"La tan preciada Copa del Mundo". El mundial Brasil 2014
El recorrido por este último mundial disputado en Sudamérica fue extenso y plagado de emociones, para las aficiones de todas las selecciones involucradas. Mundial glorioso para algunos equipos y totalmente olvidable para otros. Los hinchas argentinos supimos otra vez que era llenarse de ilusión por un seleccionado nacional después de un gran tiempo, para algunos fue nuestra primera vez viendo a la celeste y blanca ondeando tan alta. También supimos lo que es quedarse a las puertas de la gloria, que se caigan lágrimas de orgullo y frustración, pero al fin de cuentas, vimos una final del mundo.
Para algunos este mundial fue una decepción, para otros es un logro. Llegar tan lejos después de tanto tiempo merece ser reconocido como un merito, una victoria en lo colectivo que puede inspirar a futuras generaciones y ayudarles a entender que a veces ganar no es terminar primero. A veces ganar es superarse a uno mismo y a las críticas con las que nos encontramos.

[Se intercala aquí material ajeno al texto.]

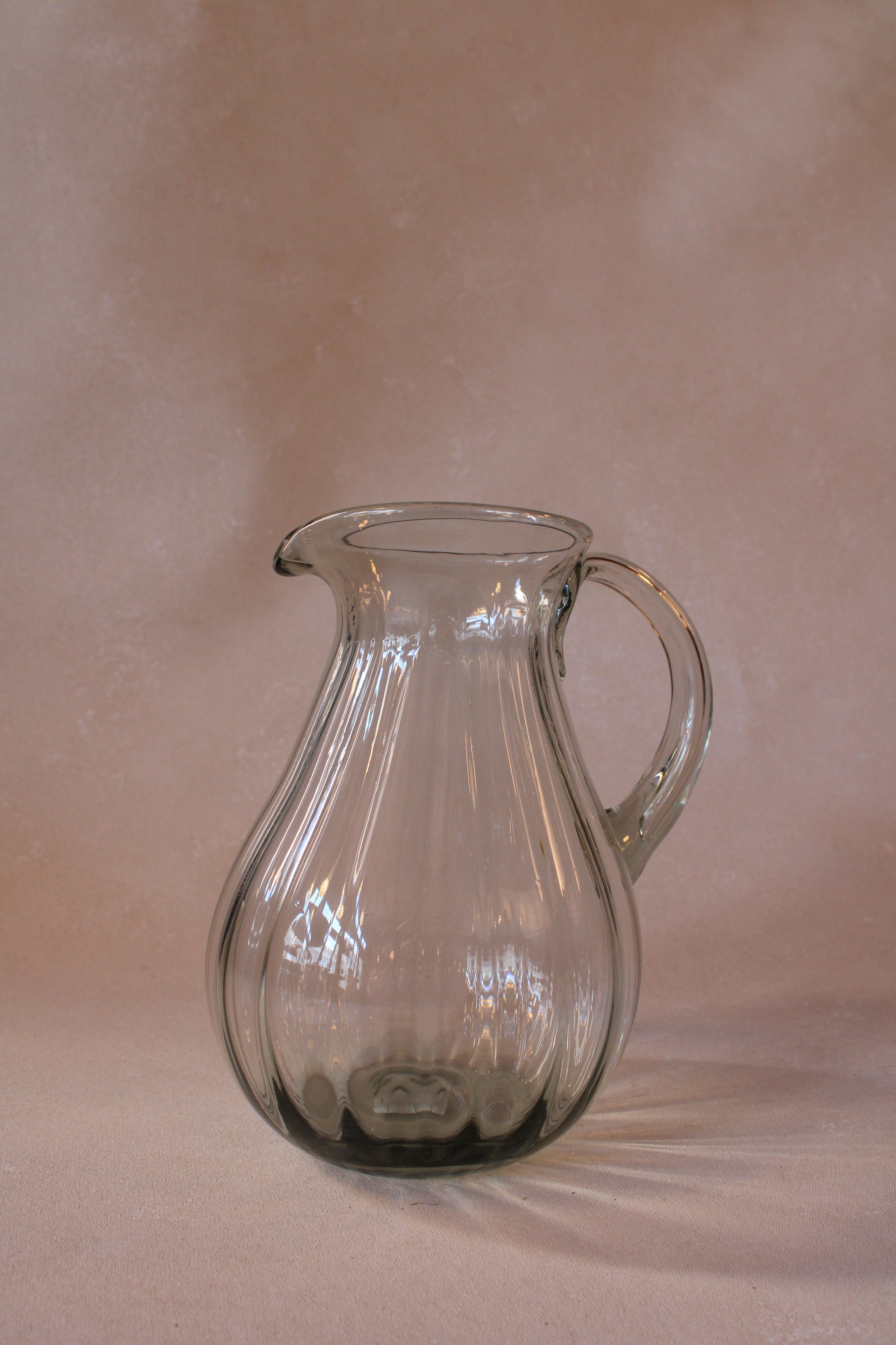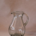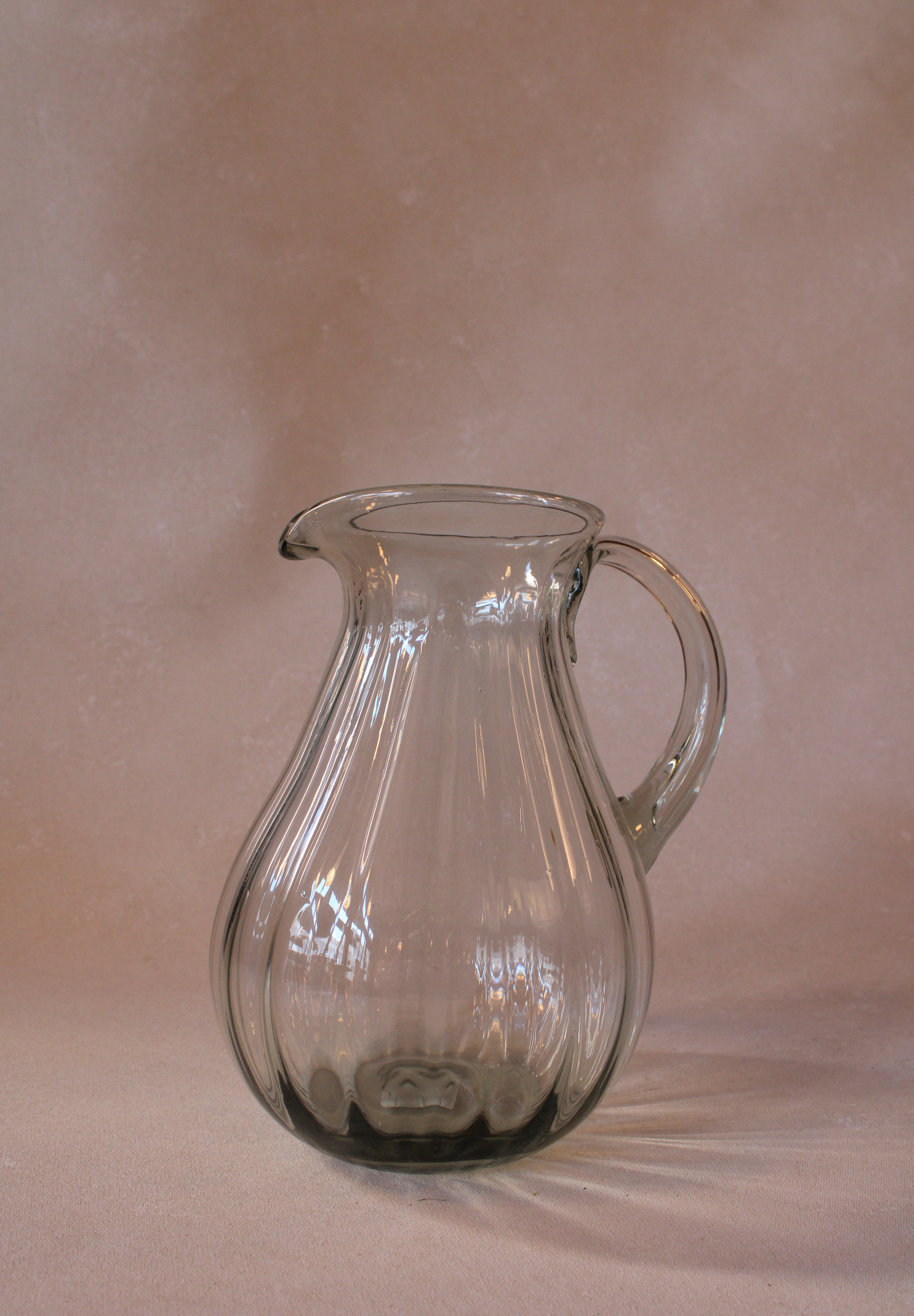 Handblown Fluted Pitcher. Each piece is uniquely crafted by hand, resulting in variations in shape and size alongside subtle imperfections such as air bubbles, black specks, pontil marks, hand tooling details, and irregularities in glass or color patterns. These distinctive characteristics highlight the artistry and individuality of handmade craftsmanship, making every pitcher truly one of a kind and cherished for its authentic beauty.

A veces para sentirse campeón no es necesario levantar la copa basta con superar barreras para ser nuestra mejor versión. Deportivamente hablando no me gustan los campeones morales, pero habiendo vivido el proceso en las calles de los diferentes hinchas, de diferentes edades ilusionarse tanto por conseguir ese trofeo no puedo ignorar que a veces los resultados no son lo más importante.
Porque todo niño o niña fanático o fanática de este deporte tan lindo, se ilusiona con varias cosas, jugar en el club de sus amores, ayudar a su familia, vivir de lo que ama, ponerse la celeste y blanca al menos una vez, levantar la tan preciada Copa del Mundo….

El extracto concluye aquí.